======== THE RECORDS

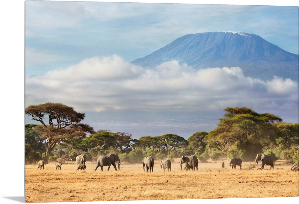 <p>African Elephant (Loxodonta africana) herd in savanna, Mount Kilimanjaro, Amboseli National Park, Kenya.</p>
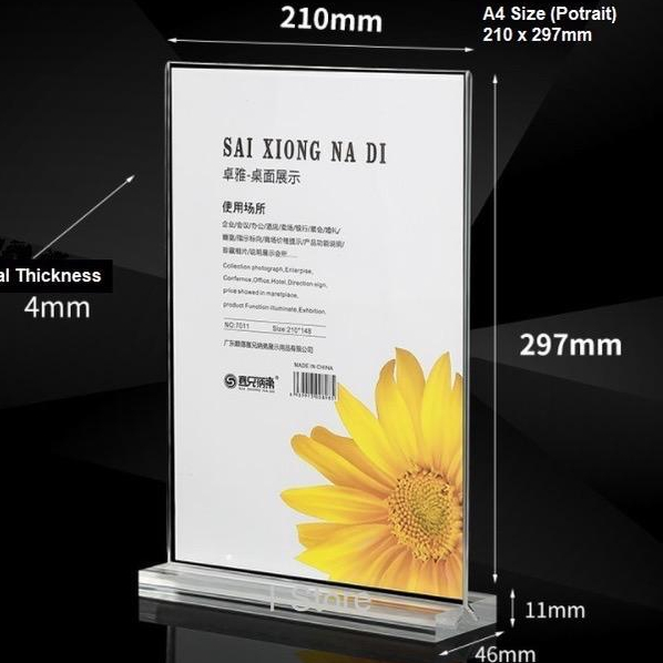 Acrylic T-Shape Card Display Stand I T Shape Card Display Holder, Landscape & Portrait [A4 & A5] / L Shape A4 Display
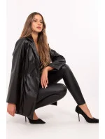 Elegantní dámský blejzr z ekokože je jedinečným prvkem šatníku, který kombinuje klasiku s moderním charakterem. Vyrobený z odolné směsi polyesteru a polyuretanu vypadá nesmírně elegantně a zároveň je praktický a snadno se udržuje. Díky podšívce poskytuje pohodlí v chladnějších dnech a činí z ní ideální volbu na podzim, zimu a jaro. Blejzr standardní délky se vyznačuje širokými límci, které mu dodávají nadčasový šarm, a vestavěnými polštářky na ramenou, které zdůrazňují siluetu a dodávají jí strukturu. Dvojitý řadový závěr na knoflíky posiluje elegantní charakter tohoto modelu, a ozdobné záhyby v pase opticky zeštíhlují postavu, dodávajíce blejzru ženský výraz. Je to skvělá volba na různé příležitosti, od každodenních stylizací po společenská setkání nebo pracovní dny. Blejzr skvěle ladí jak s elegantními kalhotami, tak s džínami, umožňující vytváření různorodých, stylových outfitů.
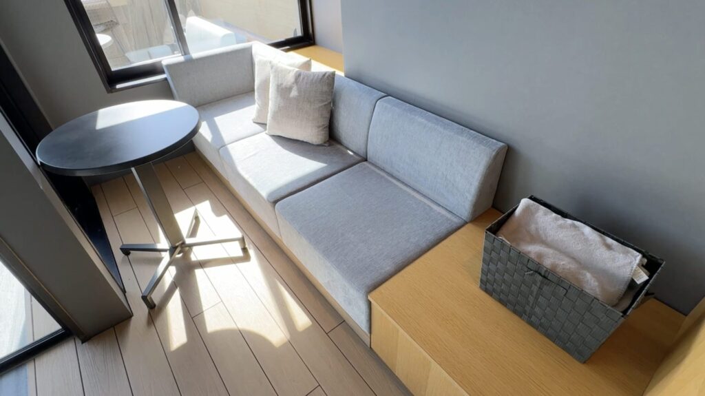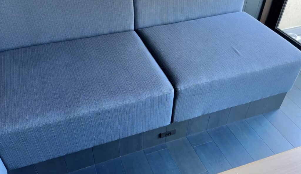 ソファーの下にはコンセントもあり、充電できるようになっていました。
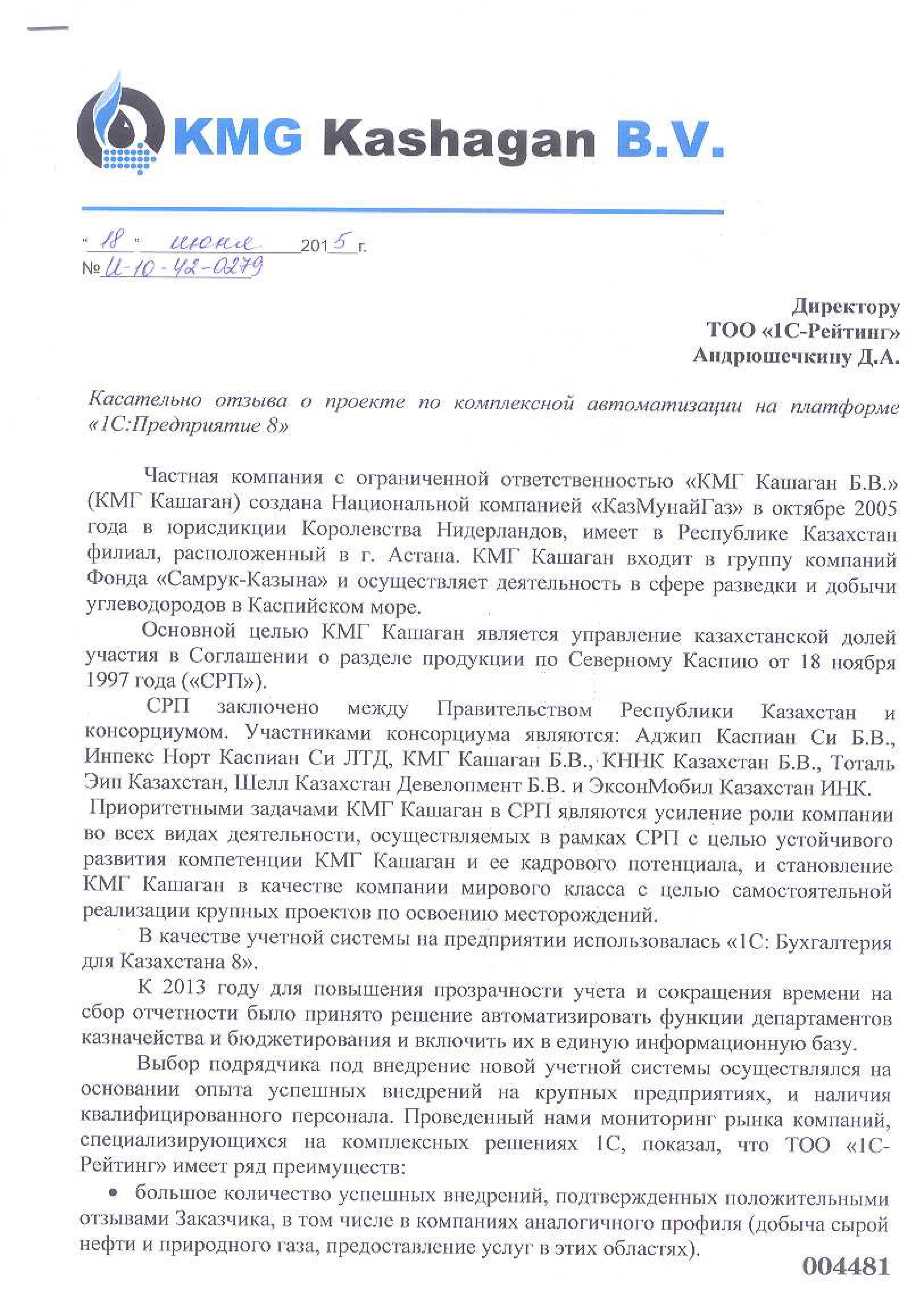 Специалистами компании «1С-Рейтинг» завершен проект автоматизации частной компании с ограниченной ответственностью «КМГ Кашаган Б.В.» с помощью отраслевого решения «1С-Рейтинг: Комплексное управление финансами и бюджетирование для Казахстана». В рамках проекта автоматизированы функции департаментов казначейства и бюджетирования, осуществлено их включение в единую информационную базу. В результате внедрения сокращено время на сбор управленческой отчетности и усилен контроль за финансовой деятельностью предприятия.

================
======== THE RECORDS

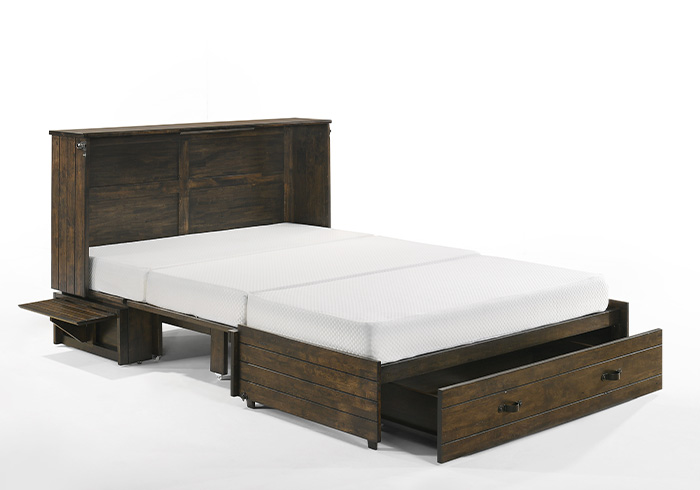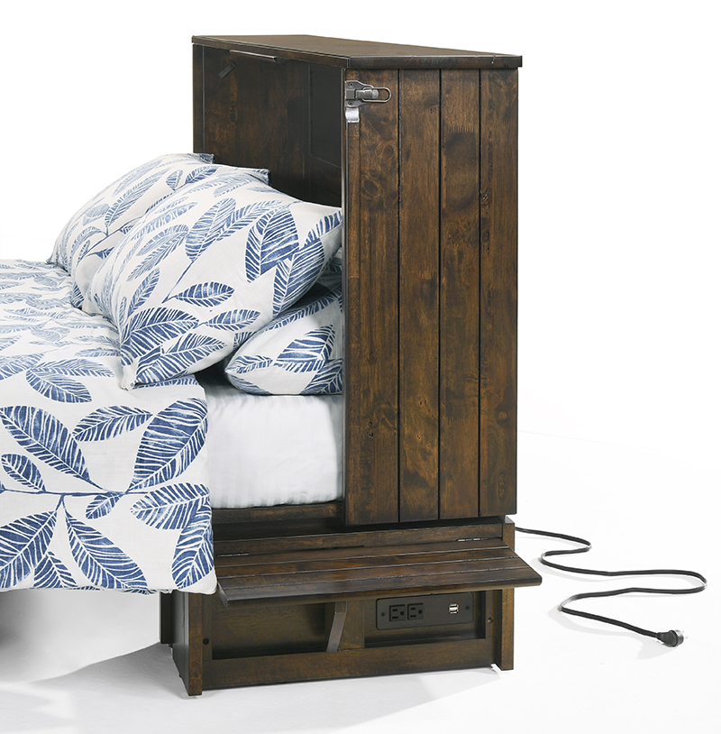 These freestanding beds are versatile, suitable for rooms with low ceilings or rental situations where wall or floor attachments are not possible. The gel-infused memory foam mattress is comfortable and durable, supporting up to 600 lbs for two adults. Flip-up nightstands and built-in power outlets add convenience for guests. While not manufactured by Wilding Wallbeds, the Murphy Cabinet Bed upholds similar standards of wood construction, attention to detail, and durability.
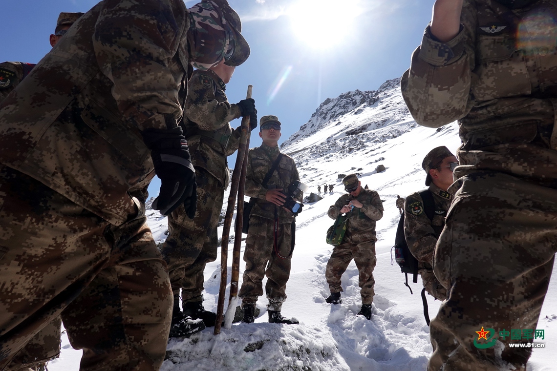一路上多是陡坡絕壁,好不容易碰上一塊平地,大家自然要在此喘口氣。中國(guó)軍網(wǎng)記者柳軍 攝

================

Write out again exactly the lines above from the one with "These freestanding beds" through the one with "一路上多是陡坡絕壁,好不容易", adding no other lines and no pictures.

 These freestanding beds are versatile, suitable for rooms with low ceilings or rental situations where wall or floor attachments are not possible. The gel-infused memory foam mattress is comfortable and durable, supporting up to 600 lbs for two adults. Flip-up nightstands and built-in power outlets add convenience for guests. While not manufactured by Wilding Wallbeds, the Murphy Cabinet Bed upholds similar standards of wood construction, attention to detail, and durability.
一路上多是陡坡絕壁,好不容易碰上一塊平地,大家自然要在此喘口氣。中國(guó)軍網(wǎng)記者柳軍 攝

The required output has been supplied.